Fui abordado por um general uma vez. Ele me perguntou, tentando me intimidar, o que eu tinha contra as Forças Armadas. Falei que não tinha nada contra, apenas era o meu papel investigar. Ele disse que não tinha nada de errado nas Forças Armadas. Falei: "Então nós temos um conceito diferente do que é errado e do que é certo, porque, para mim, compra superfaturada é errado, comprar produto inadequado é errado". E continuei meu trabalho. Não vai me intimidar.
O senhor encaminha essas denúncias para investigação dos órgãos competentes, mas a Câmara também realiza essas apurações por meio de CPIs. Foi ventilada a possibilidade de uma CPI do Viagra, por exemplo?
Toda vez que você tem uma irregularidade concreta, precisa tomar medidas concretas de fiscalização. A CPI é esse instrumento mais eficiente.
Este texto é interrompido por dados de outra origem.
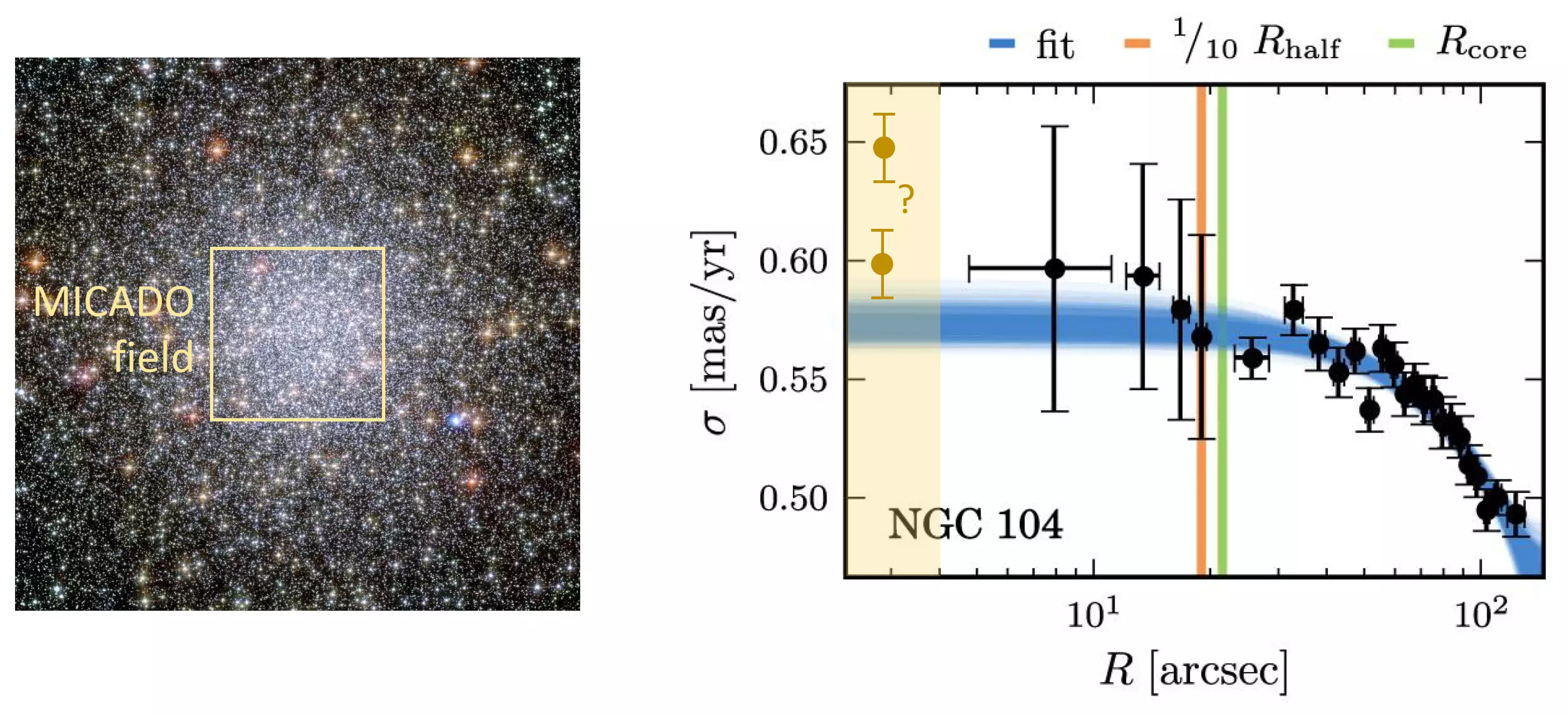 Ă€ gauche : image de l’amas d’Ă©toiles 47 Tucanae avec l’indication du champ de vue de MICADO. Ă€ droite, dispersion de vitesse des Ă©toiles en fonction de la distance au centre de l’amas, montrant que les mesures actuelles sont limitĂ©es par la densitĂ© d’Ă©toiles croissante vers ce centre. MICADO obtiendra des mesures bien meilleures au centre et permettra d’y rĂ©vĂ©ler la prĂ©sence ou pas d’un trou noir massif.

Seria muito importante, mas o Congresso, exatamente pelo chamado orçamento secreto, se curva diante dessa relação da política do toma lá, dá cá com o governo federal. A gente tem um Congresso, no seu conjunto, omisso. Não na sua totalidade, porque há uma parcela que é atuante, atenta a esse tipo de situação, mas que, infelizmente, não é um número suficiente para fazer as investigações que deveriam ser feitas.
O orçamento secreto deveria ser alvo de uma CPI, o problema é que os próprios parlamentares precisam assinar essa petição, certo?
Exatamente. Esse orçamento secreto é um escândalo. Por si só, sangra o Congresso na sua essência de existência, que é ter independência, fiscalizar os atos do Executivo. E a tudo isso você vai renunciando na política do toma lá, dá cá.
O governo Bolsonaro é campeão de pedidos de sigilos. Como é monitorar o Executivo dessa forma?
Estamos passando por uma dificuldade, inclusive, interna, porque estão vindo muitas questões sob sigilo, que, muitas vezes, só eu posso, como parlamentar, ter acesso. E são sigilos feitos de forma ilegal. Quem teria de recorrer contra esses sigilos seria o presidente da Câmara (Arthur Lira), que a gente vê, por motivos óbvios, pela relação política com o governo, que acaba não tomando essa atitude. Este governo busca, de todas as formas, esconder informações. Isso é um sinal, é um sintoma muito claro de que há muitos problemas neste governo. Tenho certeza que aquilo que a gente já detectou é uma demonstração de que há muita corrupção de governo.